» Data extracts
★ ★ ★ ★

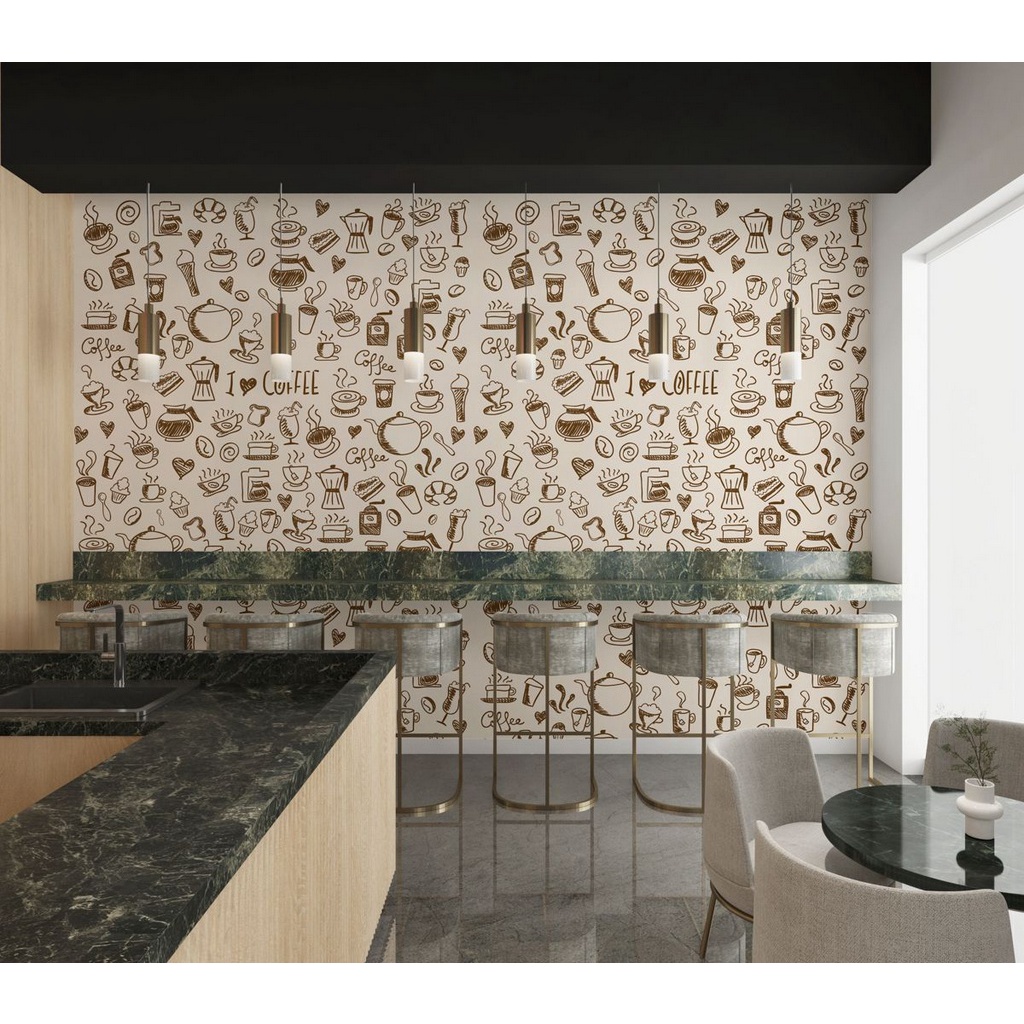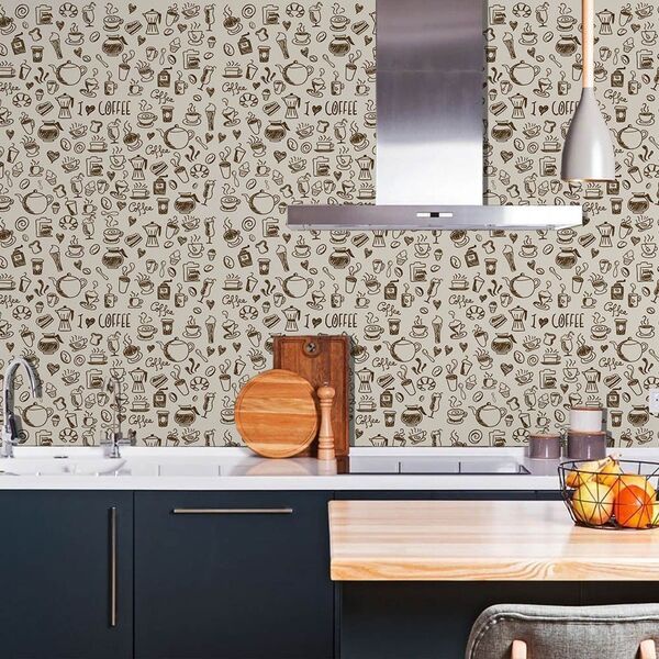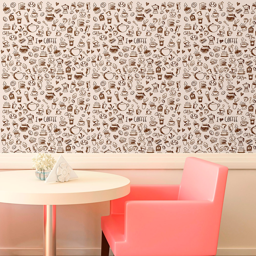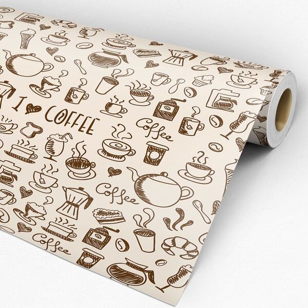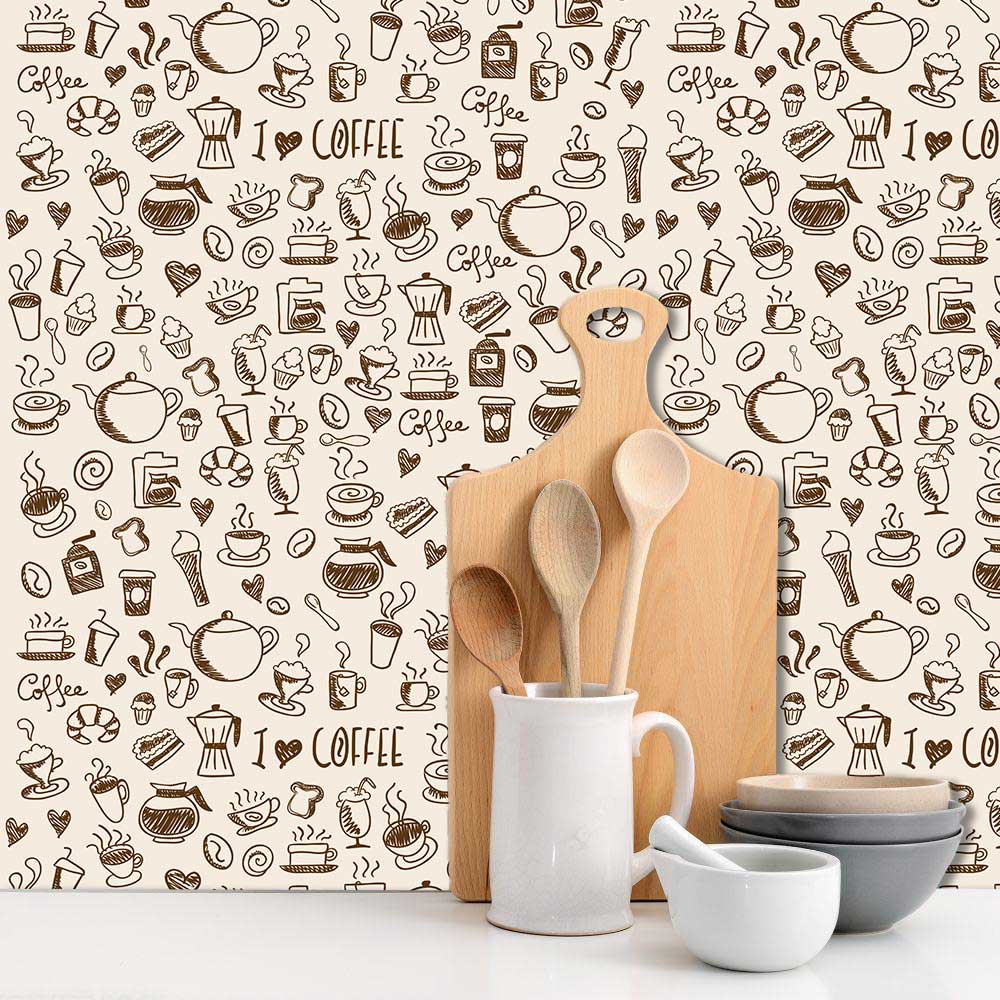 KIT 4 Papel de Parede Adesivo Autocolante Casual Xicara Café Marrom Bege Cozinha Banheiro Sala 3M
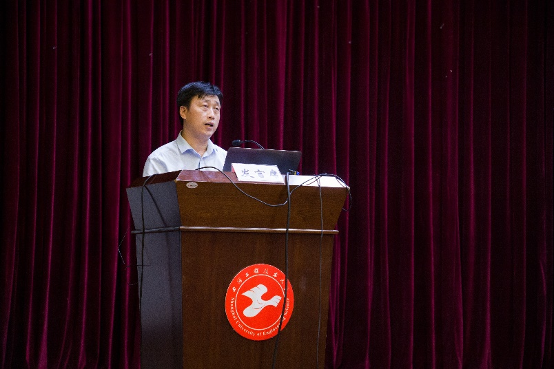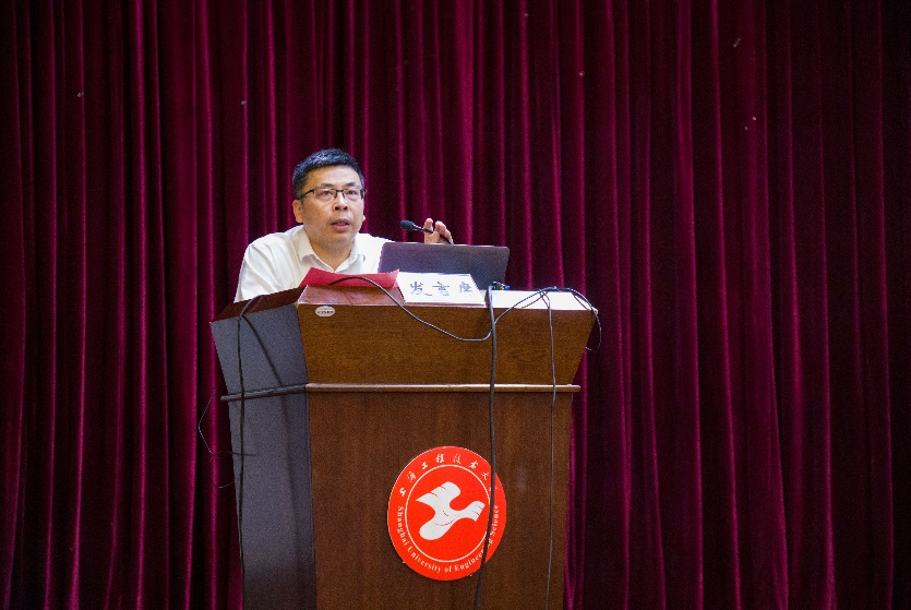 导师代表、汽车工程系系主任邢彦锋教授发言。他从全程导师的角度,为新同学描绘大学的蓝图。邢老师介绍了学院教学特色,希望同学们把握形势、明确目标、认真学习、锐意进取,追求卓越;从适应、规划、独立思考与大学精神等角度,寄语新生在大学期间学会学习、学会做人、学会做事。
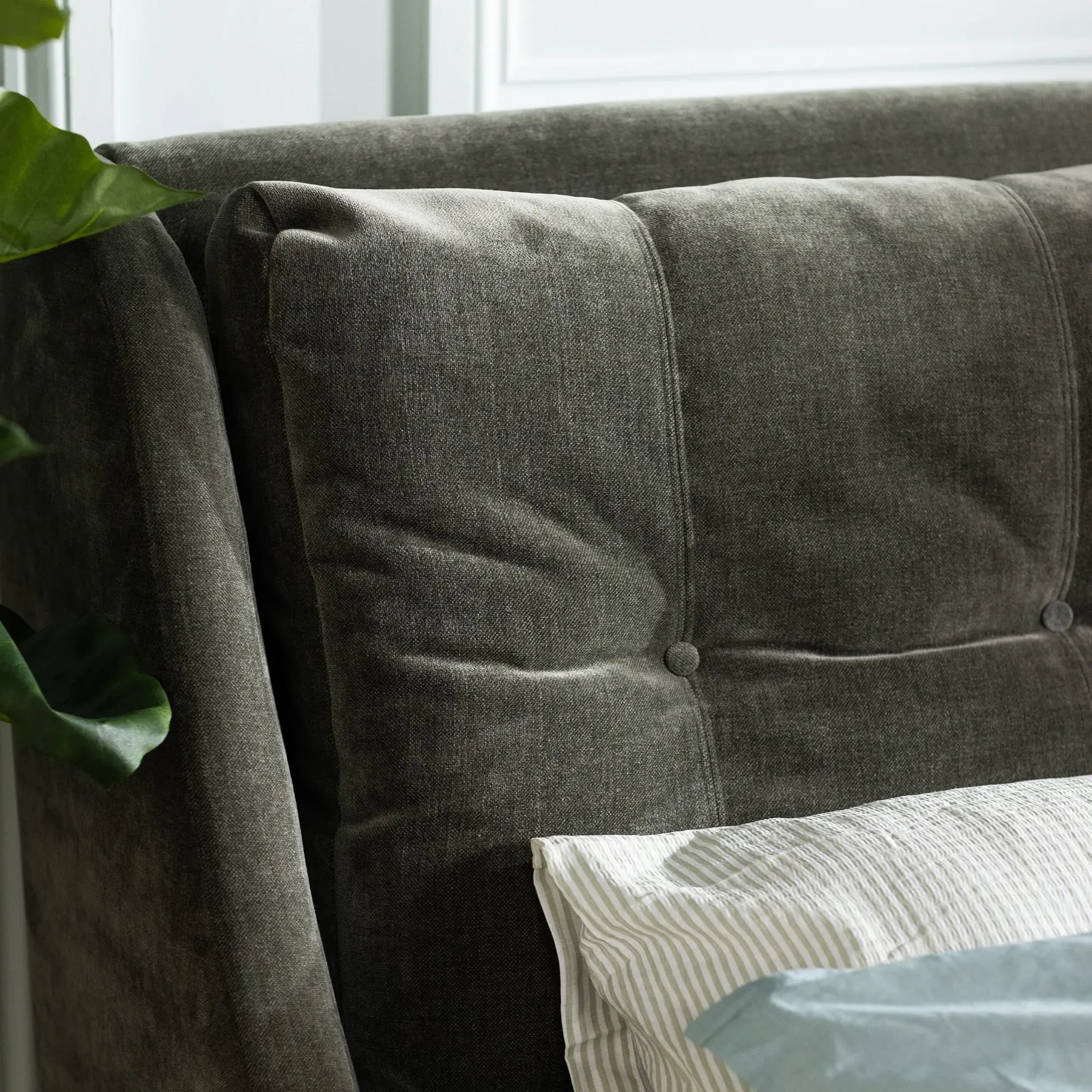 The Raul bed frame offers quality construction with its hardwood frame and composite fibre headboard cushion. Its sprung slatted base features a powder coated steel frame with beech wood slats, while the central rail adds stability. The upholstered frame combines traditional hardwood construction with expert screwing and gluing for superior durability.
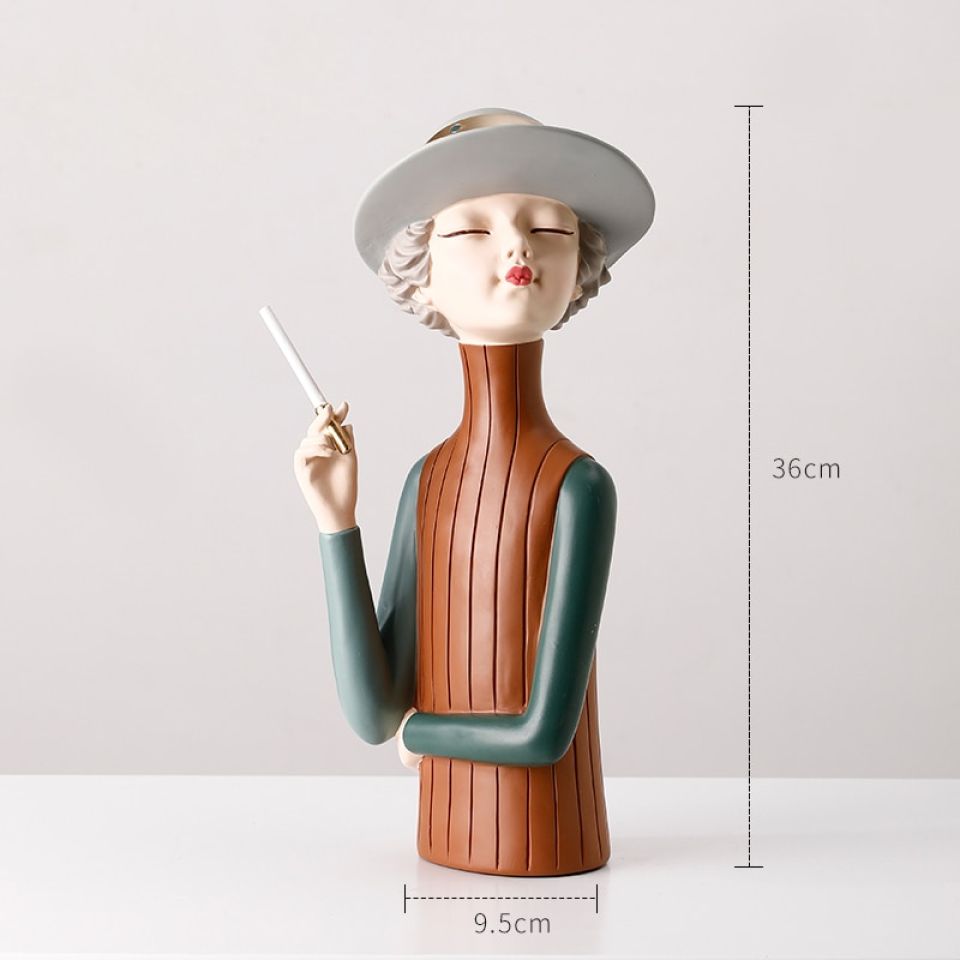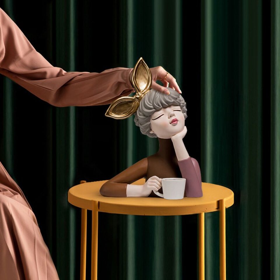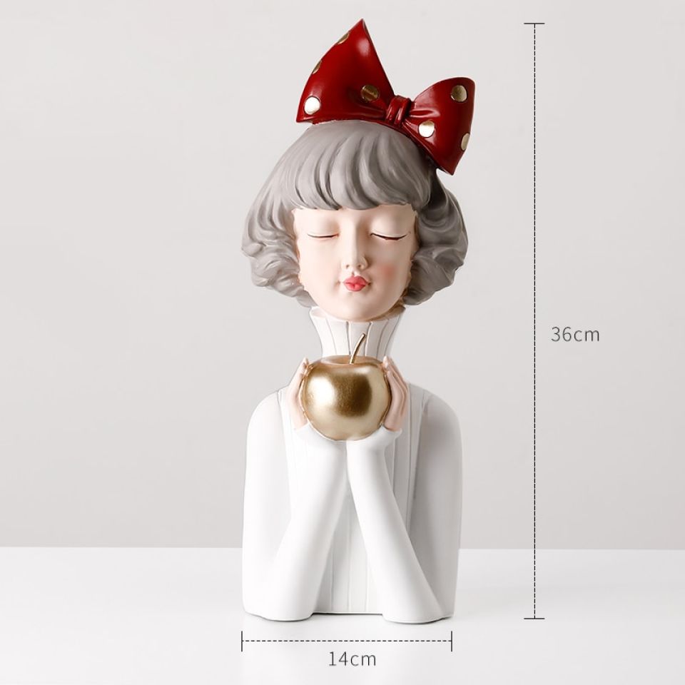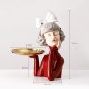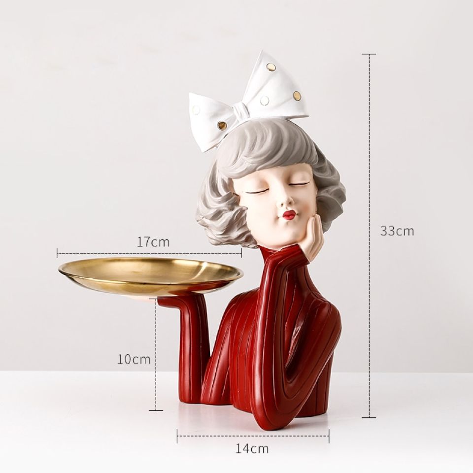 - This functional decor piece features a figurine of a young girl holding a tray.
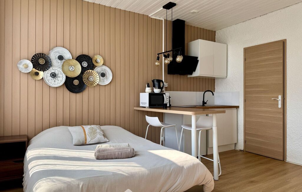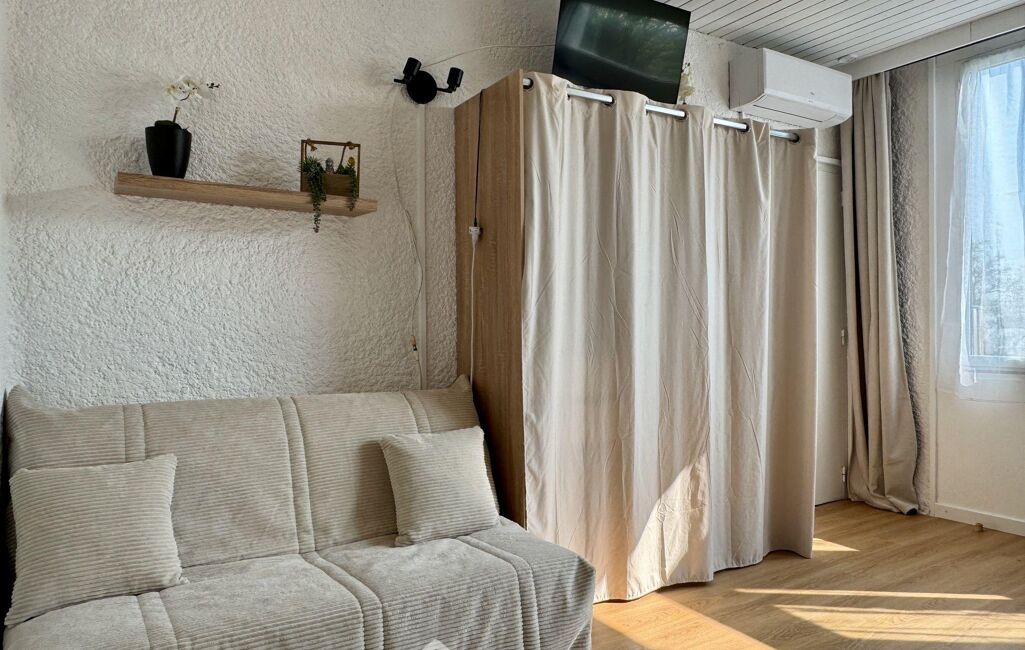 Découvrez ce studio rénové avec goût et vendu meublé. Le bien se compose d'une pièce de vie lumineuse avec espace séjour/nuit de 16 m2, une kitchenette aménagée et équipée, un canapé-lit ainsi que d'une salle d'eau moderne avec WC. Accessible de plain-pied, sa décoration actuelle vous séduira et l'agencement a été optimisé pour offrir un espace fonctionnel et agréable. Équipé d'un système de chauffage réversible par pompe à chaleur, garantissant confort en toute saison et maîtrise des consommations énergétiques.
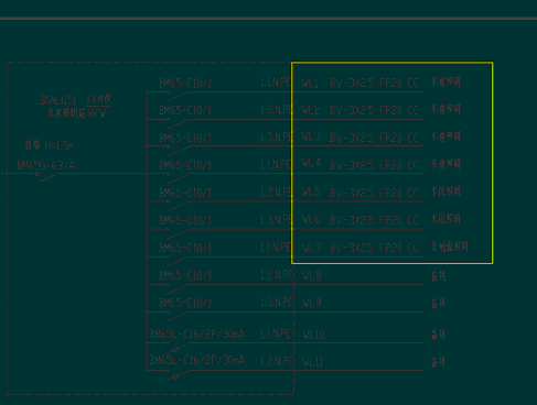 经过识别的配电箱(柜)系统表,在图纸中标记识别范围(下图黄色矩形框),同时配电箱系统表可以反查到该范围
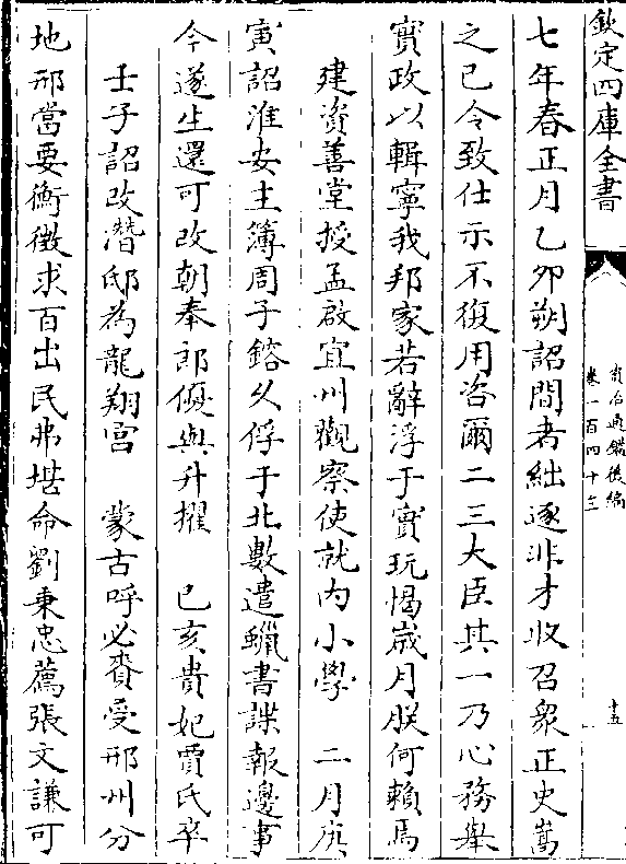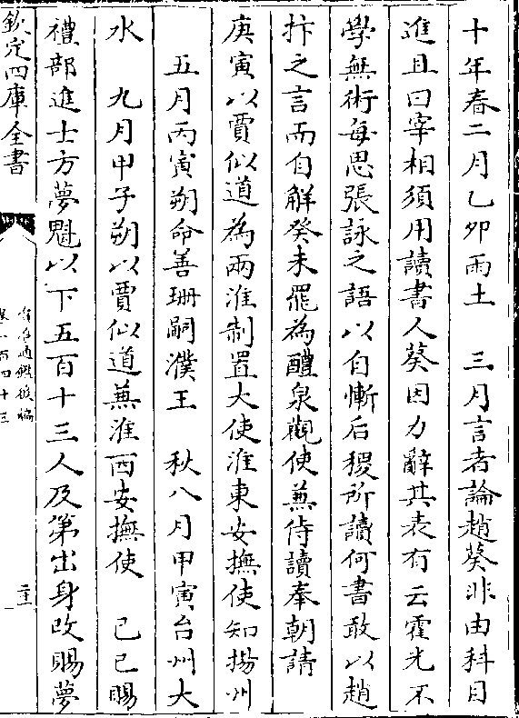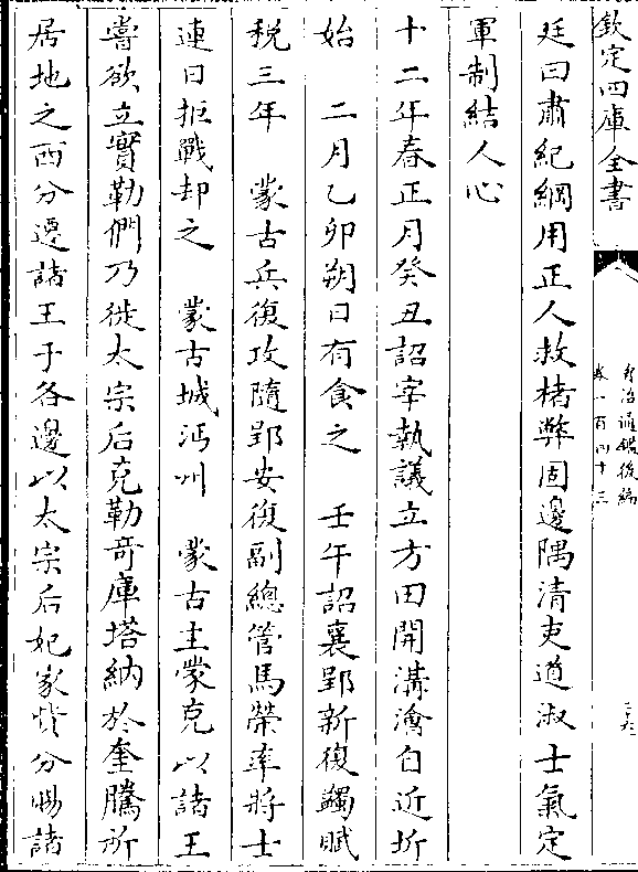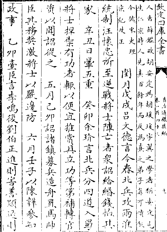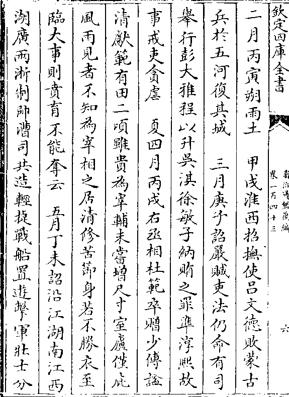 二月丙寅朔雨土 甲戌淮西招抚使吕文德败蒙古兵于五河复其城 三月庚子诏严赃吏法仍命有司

★ ★ ★ ★

» Aim of the task
Keep every word of the records exact as you write them out, but drop the pictures.

» Reply to the exercise
 KIT 4 Papel de Parede Adesivo Autocolante Casual Xicara Café Marrom Bege Cozinha Banheiro Sala 3M
 导师代表、汽车工程系系主任邢彦锋教授发言。他从全程导师的角度,为新同学描绘大学的蓝图。邢老师介绍了学院教学特色,希望同学们把握形势、明确目标、认真学习、锐意进取,追求卓越;从适应、规划、独立思考与大学精神等角度,寄语新生在大学期间学会学习、学会做人、学会做事。
 The Raul bed frame offers quality construction with its hardwood frame and composite fibre headboard cushion. Its sprung slatted base features a powder coated steel frame with beech wood slats, while the central rail adds stability. The upholstered frame combines traditional hardwood construction with expert screwing and gluing for superior durability.
 - This functional decor piece features a figurine of a young girl holding a tray.
 Découvrez ce studio rénové avec goût et vendu meublé. Le bien se compose d'une pièce de vie lumineuse avec espace séjour/nuit de 16 m2, une kitchenette aménagée et équipée, un canapé-lit ainsi que d'une salle d'eau moderne avec WC. Accessible de plain-pied, sa décoration actuelle vous séduira et l'agencement a été optimisé pour offrir un espace fonctionnel et agréable. Équipé d'un système de chauffage réversible par pompe à chaleur, garantissant confort en toute saison et maîtrise des consommations énergétiques.
 经过识别的配电箱(柜)系统表,在图纸中标记识别范围(下图黄色矩形框),同时配电箱系统表可以反查到该范围
 二月丙寅朔雨土 甲戌淮西招抚使吕文德败蒙古兵于五河复其城 三月庚子诏严赃吏法仍命有司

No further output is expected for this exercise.